*Your goal*
Output the data verbatim, minus the images.

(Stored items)
>>>

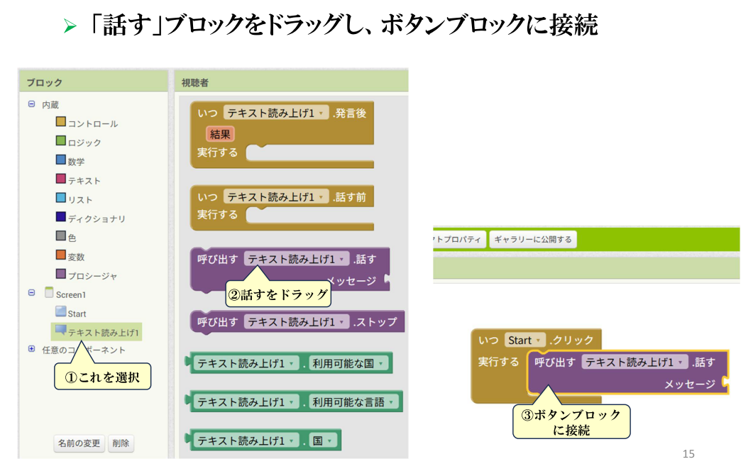 イベント処理を通じ,基本的なブロック操作を学ぶ
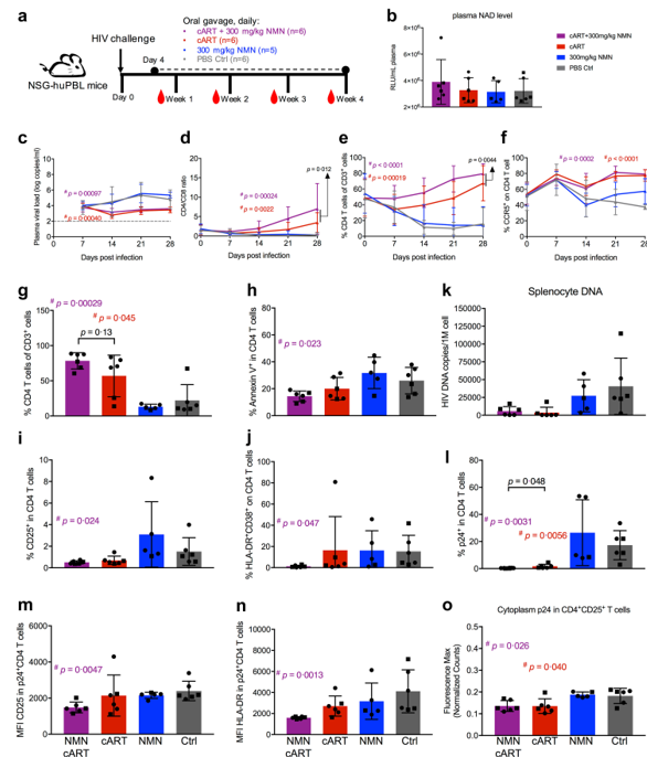 NMN联合cART治疗重建HIV-1感染的人源化小鼠的CD4+T细胞
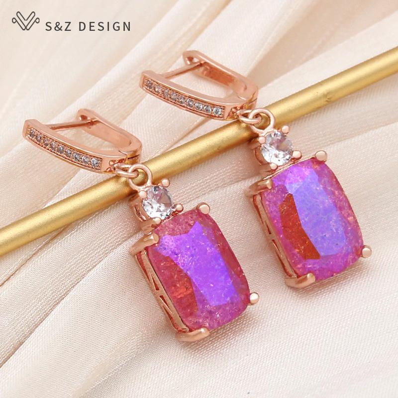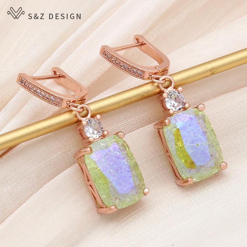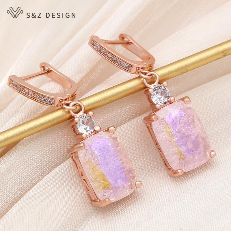 Модные серьги-капельки цвета розового золота с прямоугольными кристаллами и трещинами льда для женщин, свадебные украшения с кубическим цирконием
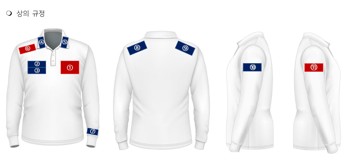 후원사 로고 부착이 필요한 경우, 패치 부착이 가능한 형태의 경기복 착용을 권장한다. 카라 또는 소매가 없는 경기복을 착용하고 피부에 패치를 부착하는 경우, 피부면에 잘 붙고 쉽게 떨어지지 않도록 준비하여야 한다. (점착력 사전 확인, 팔토시 착용 등)
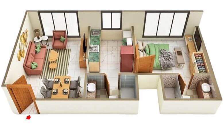 | 2 BHK | 620 Sq. Ft. | On Request |
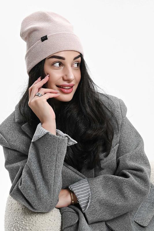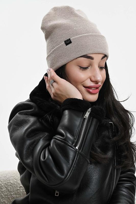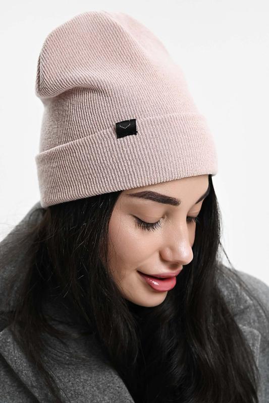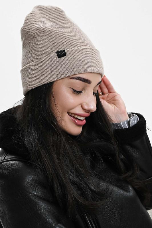 Шапка теплая в рубчик с нашивкой, двусторонняя. Длина изделия в развернутом виде - 31 см.

<<<

*Answer*
 イベント処理を通じ,基本的なブロック操作を学ぶ
 NMN联合cART治疗重建HIV-1感染的人源化小鼠的CD4+T细胞
 Модные серьги-капельки цвета розового золота с прямоугольными кристаллами и трещинами льда для женщин, свадебные украшения с кубическим цирконием
 후원사 로고 부착이 필요한 경우, 패치 부착이 가능한 형태의 경기복 착용을 권장한다. 카라 또는 소매가 없는 경기복을 착용하고 피부에 패치를 부착하는 경우, 피부면에 잘 붙고 쉽게 떨어지지 않도록 준비하여야 한다. (점착력 사전 확인, 팔토시 착용 등)
 | 2 BHK | 620 Sq. Ft. | On Request |
 Шапка теплая в рубчик с нашивкой, двусторонняя. Длина изделия в развернутом виде - 31 см.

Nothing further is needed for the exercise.